TASK PROMPT:
Reproduce what is written in the records below exactly, and leave out the images.

### RECORD SET

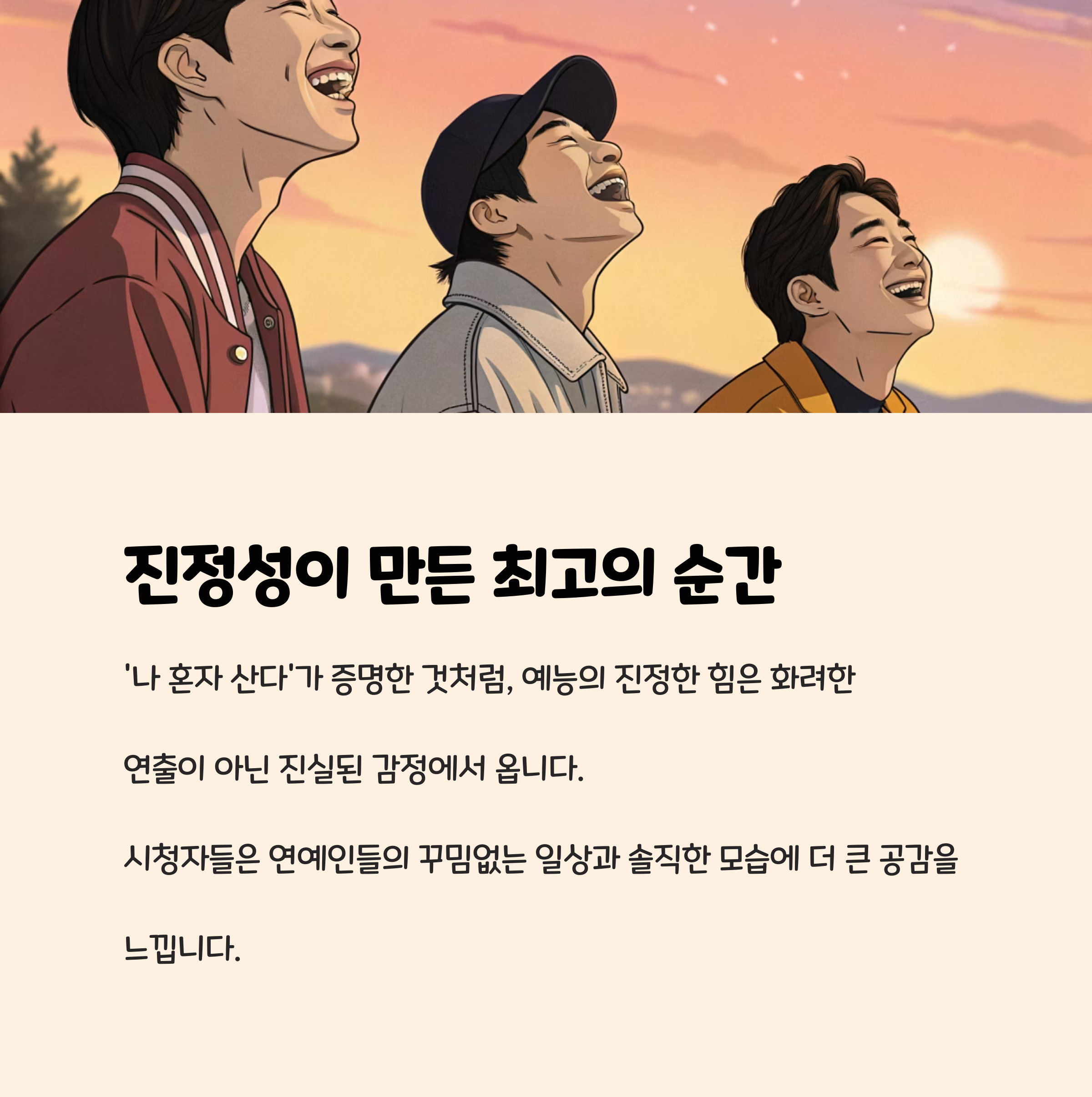 ‘나 혼자 산다’는 출연진들의 진솔한 일상과 인간적인 매력이 시청자들에게 큰 공감을 불러일으키는 프로그램입니다. 각기 다른 개성을 가진 멤버들이 일상 속에서 겪는 소소한 에피소드와, 서로의 삶을 존중하는 따뜻한 분위기가 꾸준한 인기를 견인하고 있습니다.
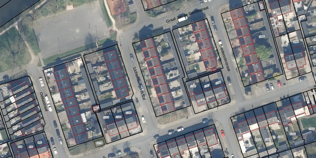 Het perceel waarop Lichtenbergerstraat 8 staat heeft een oppervlakte van 1195 m². Dit is een zeer groot perceel. De perceeloppervlakte wordt geregistreerd door het Kadaster. Gedetailleerde informatie over de maten van dit perceel kunt u vinden in het rapport Kadastrale kaart met maatvoering van Lichtenbergerstraat 8.
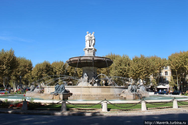 прекрасные многочисленные фонтаны; городская ратуша с часовой башней и конечно платаны на бульваре Мирабо.Экс отличается от других городов Прованса ощущением полной завершённости. Это объясняется его прекрасным расположением в центре региона, благодаря чему здесь не чувствуется ни деревенской простоты, ни коммерческого дешёвого блеска.
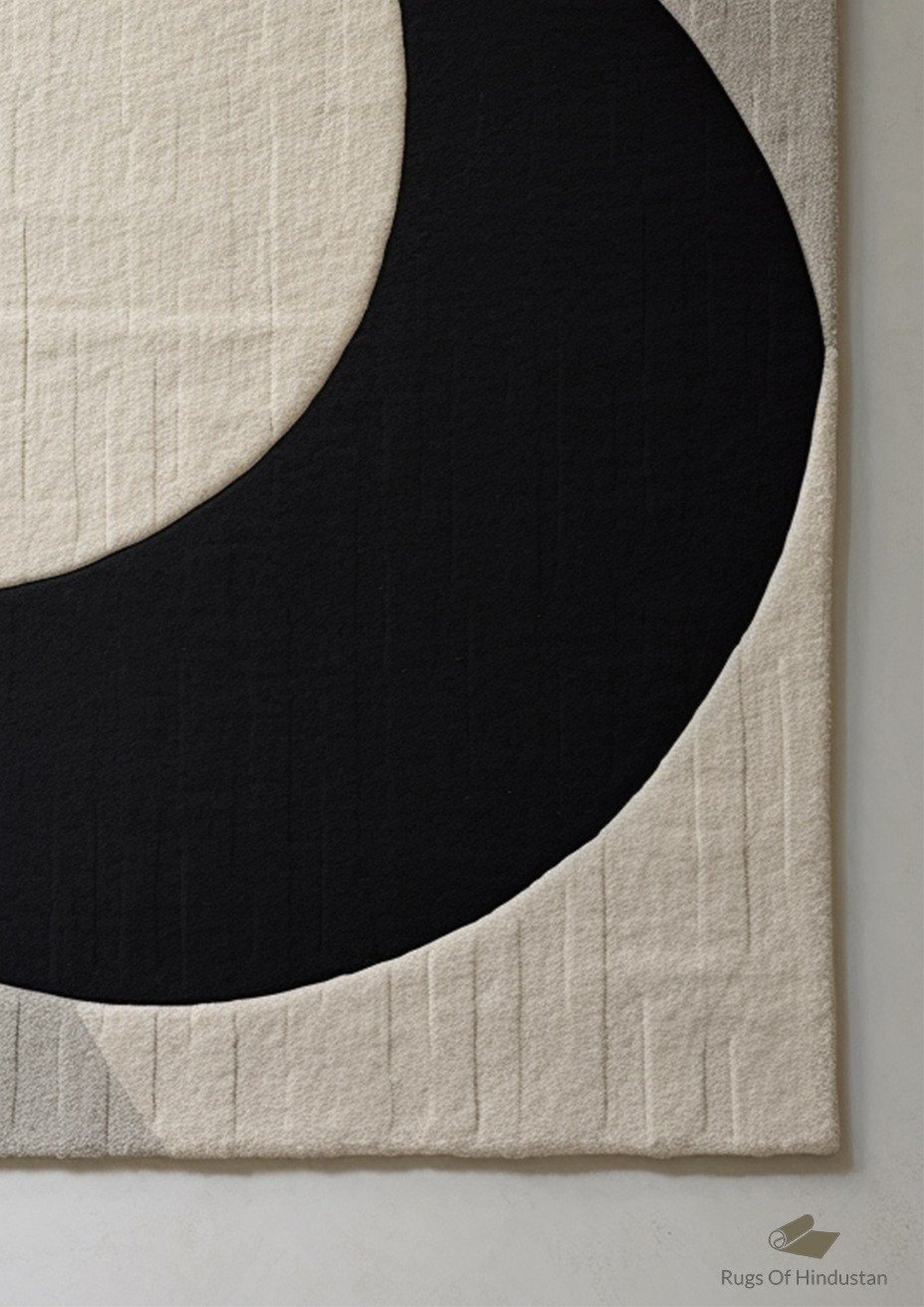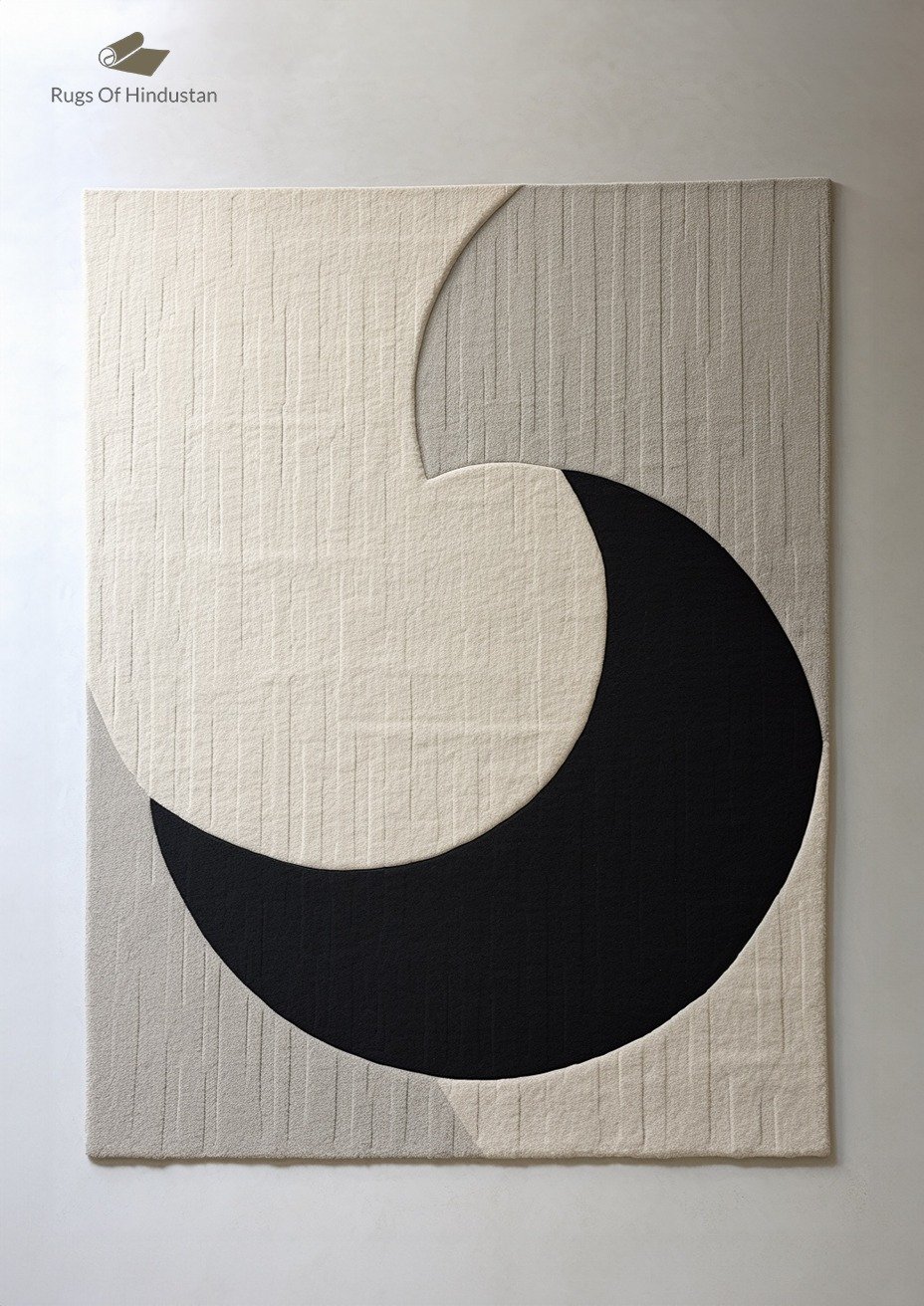 Minimalist Crescent Abstract Rug – Monochrome Elegance in Black and Ivory Tones
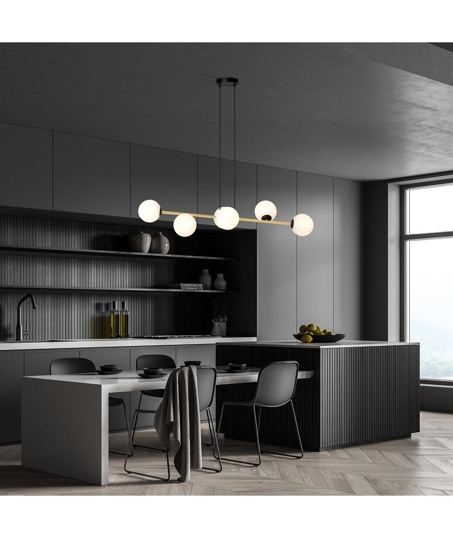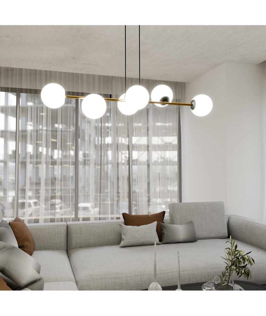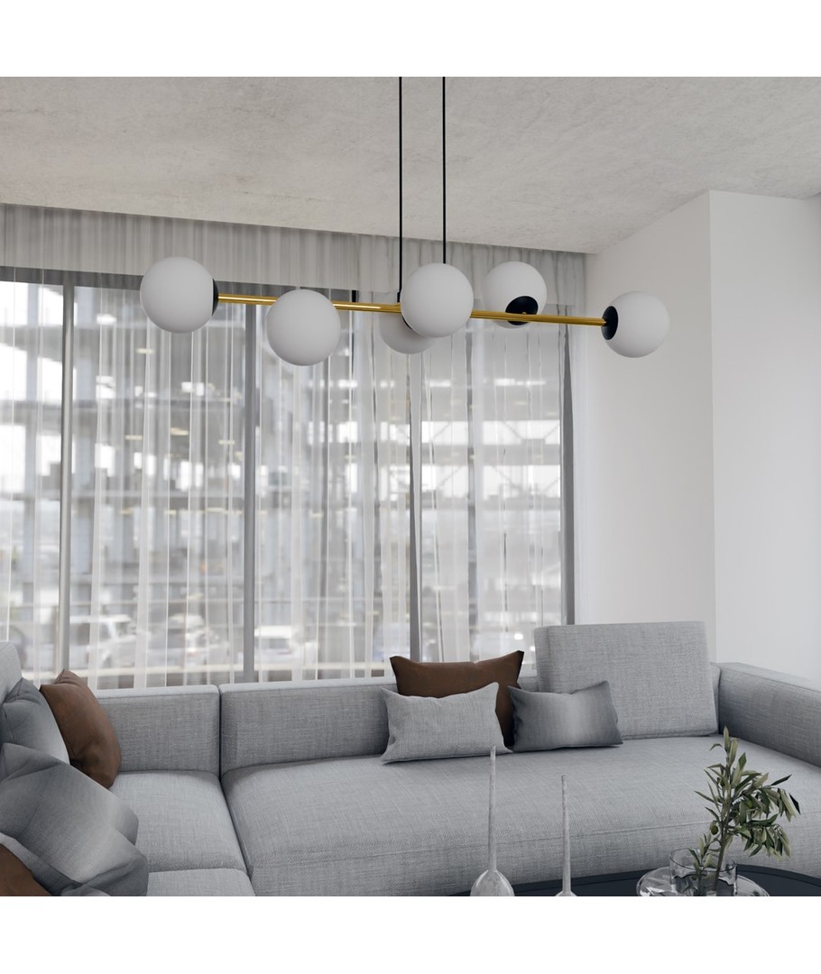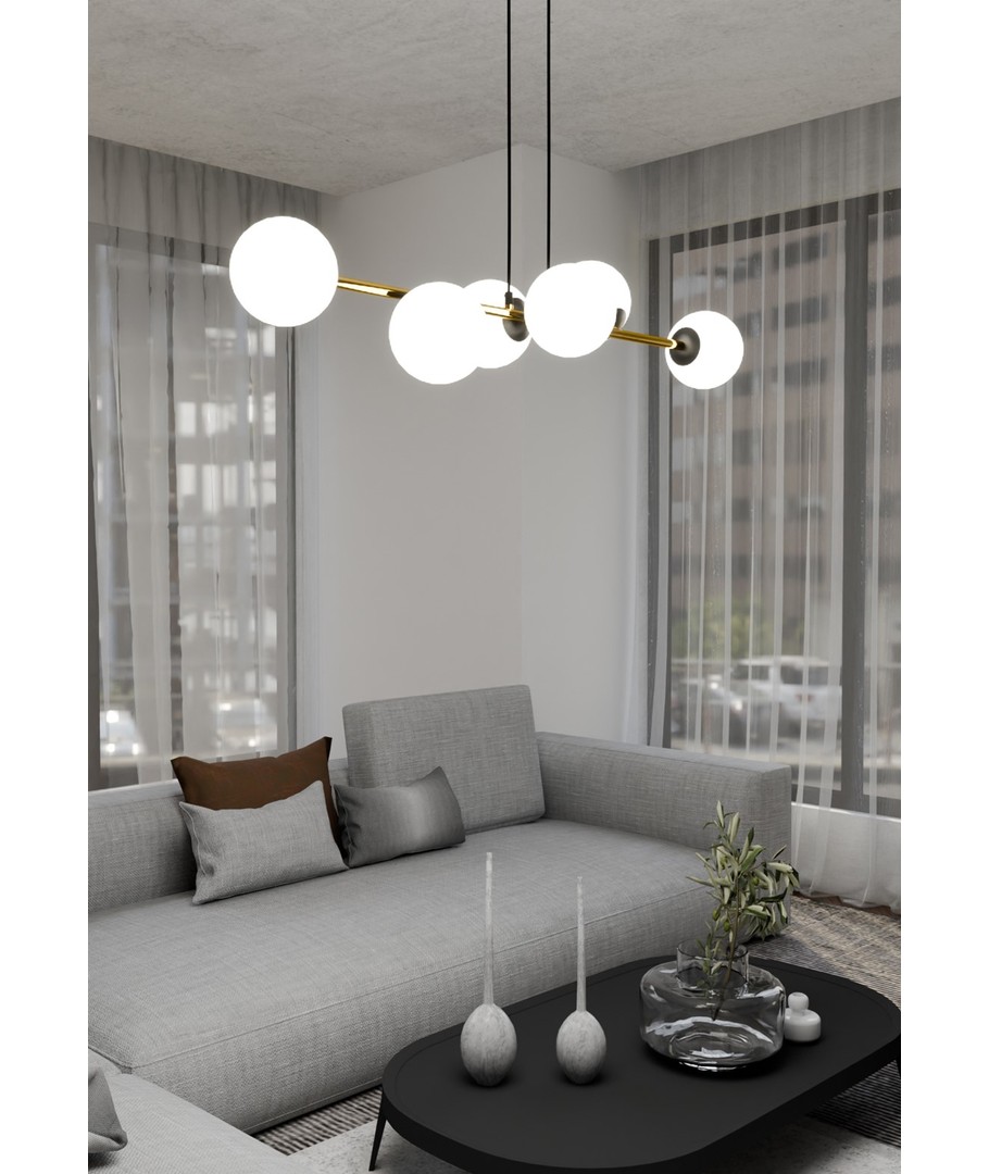 Gravity 6 Sort/Opal pendellampe er en sofistikert kombinasjon av minimalistisk design og glamorøse gulldetaljer. Denne pendellampen tilfører et snev av eleganse til både moderne og klassiske interiører. Med sine nøye utvalgte materialer sikrer Gravity-lampen både holdbarhet og et tidløst, elegant utseende. De gylne aksentene står i flott kontrast til lampens enkle form, noe som gir rommet en forfriskende glød og liv. Denne lampen er perfekt for å skape en spesiell atmosfære som kombinerer stil og funksjonalitet.

######

RESPONSE FOR THIS EXERCISE:
 ‘나 혼자 산다’는 출연진들의 진솔한 일상과 인간적인 매력이 시청자들에게 큰 공감을 불러일으키는 프로그램입니다. 각기 다른 개성을 가진 멤버들이 일상 속에서 겪는 소소한 에피소드와, 서로의 삶을 존중하는 따뜻한 분위기가 꾸준한 인기를 견인하고 있습니다.
 Het perceel waarop Lichtenbergerstraat 8 staat heeft een oppervlakte van 1195 m². Dit is een zeer groot perceel. De perceeloppervlakte wordt geregistreerd door het Kadaster. Gedetailleerde informatie over de maten van dit perceel kunt u vinden in het rapport Kadastrale kaart met maatvoering van Lichtenbergerstraat 8.
 прекрасные многочисленные фонтаны; городская ратуша с часовой башней и конечно платаны на бульваре Мирабо.Экс отличается от других городов Прованса ощущением полной завершённости. Это объясняется его прекрасным расположением в центре региона, благодаря чему здесь не чувствуется ни деревенской простоты, ни коммерческого дешёвого блеска.
 Minimalist Crescent Abstract Rug – Monochrome Elegance in Black and Ivory Tones
 Gravity 6 Sort/Opal pendellampe er en sofistikert kombinasjon av minimalistisk design og glamorøse gulldetaljer. Denne pendellampen tilfører et snev av eleganse til både moderne og klassiske interiører. Med sine nøye utvalgte materialer sikrer Gravity-lampen både holdbarhet og et tidløst, elegant utseende. De gylne aksentene står i flott kontrast til lampens enkle form, noe som gir rommet en forfriskende glød og liv. Denne lampen er perfekt for å skape en spesiell atmosfære som kombinerer stil og funksjonalitet.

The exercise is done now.